Les ressources du conjoint n’ayant pas la nationalité d’un État membre doivent également être prises en considération, si elles ont été acquises régulièrement, pour déterminer si la citoyenne de l’Union dispose de ressources suffisantes au sens des articles 7, paragraphe 1, sous b), et 8, paragraphe 4, de la directive 2004/38.

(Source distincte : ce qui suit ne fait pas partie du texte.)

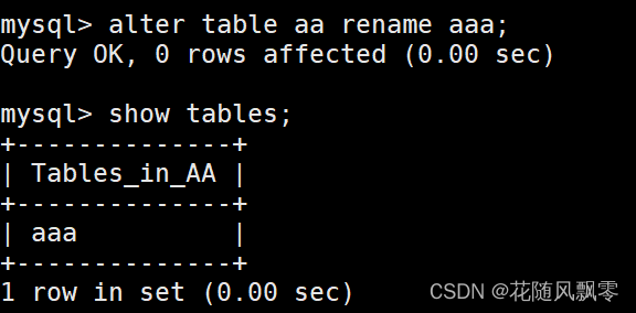 ALTER TABLE aa RENAME aaa; #将aa的表名修改为aaa

--------------------------------------------------------------------------------------------------------------------------------------------------------------------------------------------------------------------------------------------------------------------------------------------------------------------------------------------------------------------------------------------------------------------------------------------------------------------------------------------------------------------
( 1 ) Langue originale: l’allemand.
( 2 ) Directive du Parlement européen et du Conseil, du 29 avril 2004, relative au droit des citoyens de l’Union et des membres de leurs familles de circuler et de séjourner librement sur le territoire des États membres, modifiant le règlement (CEE) no 1612/68 et abrogeant les directives 64/221/CEE, 68/360/CEE, 72/194/CEE, 73/148/CEE, 75/34/CEE, 75/35/CEE, 90/364/CEE, 90/365/CEE et 93/96/CEE (JO L 158, p. 77, avec rectificatif publié au JO 2004, L 229, p. 35).

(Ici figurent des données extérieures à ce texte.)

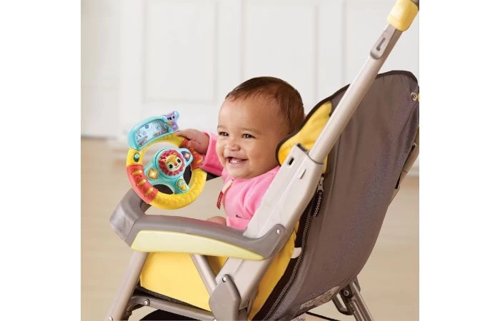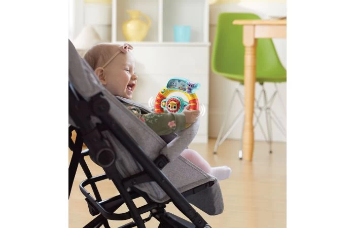 Het draaien van het stuurtje, het drukken op de richtingaanwijzers en het drukken op de auto-toets prikkelt de fantasie en zorgt voor volop speel- en rijplezier. Laten we een ritje maken! Wordt inclusief 2 AAA-batterijen geleverd in try-me verpakking. Geschikt voor kinderen vanaf 3 maanden.

( 3 ) Sur la situation applicable sous le régime de l’article 11 du règlement (CEE) no 1612/68 du Conseil, du 15 octobre 1968, relatif à la libre circulation des travailleurs à l’intérieur de la Communauté (JO L 257, p. 2) dans sa version modifiée par le règlement (CEE) no 2434/92 du Conseil, du 27 juillet 1992 (JO L 245, p. 1), voir arrêt Mattern et Cikotic (C‑10/05, EU:C:2006:220, point 27).
( 4 ) Arrêt Iida (C‑40/11, EU:C:2012:691).

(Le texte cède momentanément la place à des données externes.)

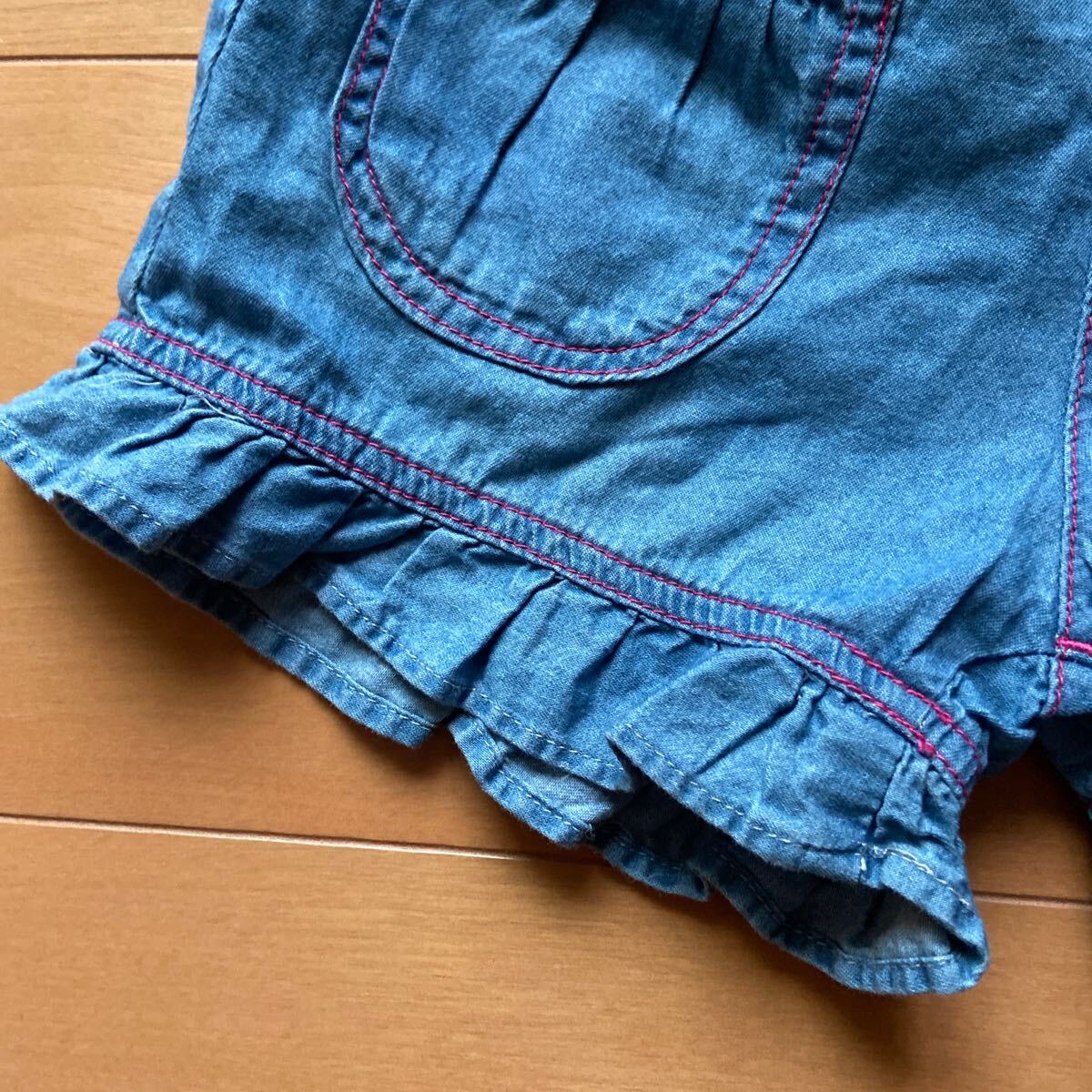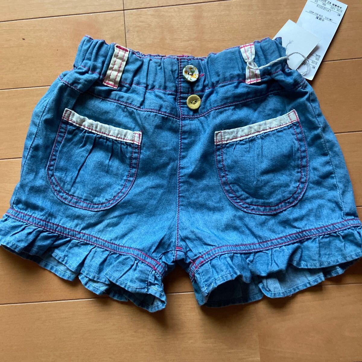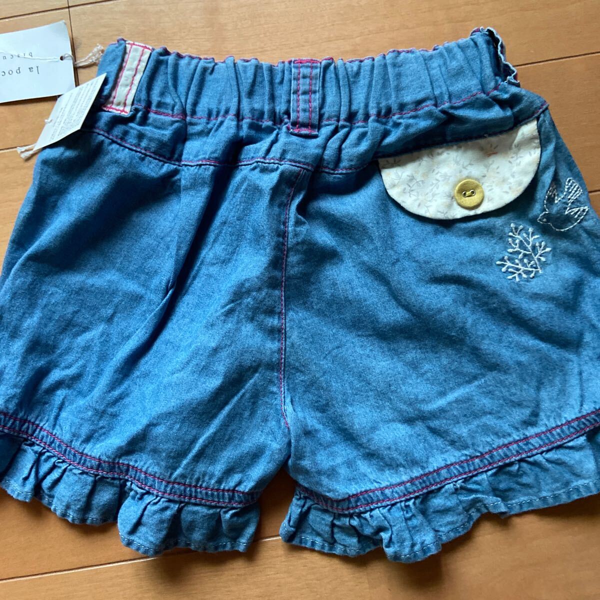 La poche biscuitラ・ポシェ・ビスキュイ☆裾フリル デニムショートパンツ♪サイズ100☆新品

( 5 ) Voir, à cet égard, points 63 à 67 de nos conclusions dans l’affaire Parlement/Conseil (C‑540/03, EU:C:2005:517) et Cour EDH, Boultif c. Suisse (no 54273/00, CEDH 2001-IX, § 39), et Biao c. Danemark (no 38590/10, § 53).
( 6 ) Voir, notamment, Cour EDH, Mehemi c. France (no 25017/94, Recueil des arrêts et décisions 1997-VI, § 27).
( 7 ) Voir, à cet égard, arrêt Iida (C‑40/11, EU:C:2012:691, points 60 à 64).
( 8 ) On peut même théoriquement concevoir une situation de «divorce blanc» en guise de pendant au mariage blanc, c’est-à-dire qu’un ressortissant d’un pays tiers pourrait demander le divorce simplement dans le but, dans la perspective du départ de son conjoint, de fonder sur l’article 13 de la directive 2004/38 un droit de séjour à titre personnel dans l’État membre d’accueil. En pratique, cependant, il est peu probable, ne serait-ce que pour des raisons de coût, que des conjoints puissent être
amenés à une démarche aussi extrême, étant donné que le ressortissant du pays tiers peut déjà, au bout de cinq ans, obtenir un droit de séjour permanent conformément à l’article 16, paragraphe 2, de la directive 2004/38. On peut toutefois délaisser la question de savoir si un tel «divorce blanc» devrait le cas échéant se voir priver d’effet en matière civile et quelles en seraient les conséquences en matière de droit de séjour, car les faits de l’affaire ne pointent pas en ce sens.
( 9 ) Voir, notamment, arrêts Zhu et Chen (C‑200/02, EU:C:2004:639, point 30); Commission/Belgique (C‑408/03, EU:C:2006:192, point 42) et Alokpa et Moudoulou (C‑86/12, EU:C:2013:645, point 27).